Шрифт:
Закладка:
На пол полетели перевернутые скамьи, закричали люди, из перевернутых бочонков щедро полилось пиво… Как ни быстр был натиск гэла, сразу двое, обнажив мечи, загородили ему дорогу к Торфелю — Хальфгар и Освик. Впрочем, викинг со шрамом на лице даже не успел поднять клинка — свалился с раскроенным черепом. Меч Хальфгара Турлог принял на щит, ударил в свой черед — и острый топор рассек кольчугу и ребра, а потом и хребет.

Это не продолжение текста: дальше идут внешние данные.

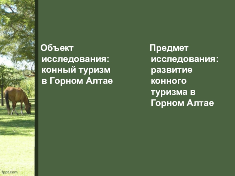 Предмет исследования: развитие конного туризма в Горном Алтае

После этого в зале воцарилась чудовищная неразбериха. Все выхватывали оружие и наседали с разных сторон, а посередине молча, с невероятной яростью и упорством рубился одинокий гэл. Турлог Дуб в своем боевом безумии напоминал раненого тигра. Он двигался так быстро, что не успевал уследить глаз. Хальфгар еще не успел упокоиться на полу, когда Турлог перескочил через оседающее тело и снова рванулся туда, где стоял Торфель. Молодой предводитель вытащил меч, но стоял словно в каком-то оцепенении, плохо понимая происходившее…
Толпа воинов ринулась между ними, отъединив одного от другого. Вздымались и падали мечи, одинокий топор далькассийца сверкал между ними, словно летняя молния. На Турлога нападали справа и слева, сзади и спереди. Вот, размахивая двуручным мечом, подскочил Озрик, а с другой стороны нацелил копье безвестный слуга… Турлог нырнул под занесенный клинок и ответил мгновенным двойным ударом — вперед-назад. Брат Торфеля свалился с рассеченным коленом, слуга же умер стоя — удар наотмашь вогнал чекан топора ему в голову. Турлог же выпрямился, чтобы шарахнуть щитом по лицу воина с мечом, нападавшего спереди. Шип, торчавший посередине, превратил лицо северянина в кровавое месиво. Гэл же обернулся, точно кот, чтобы проверить свой тыл, ибо явственно ощутил дыхание Смерти.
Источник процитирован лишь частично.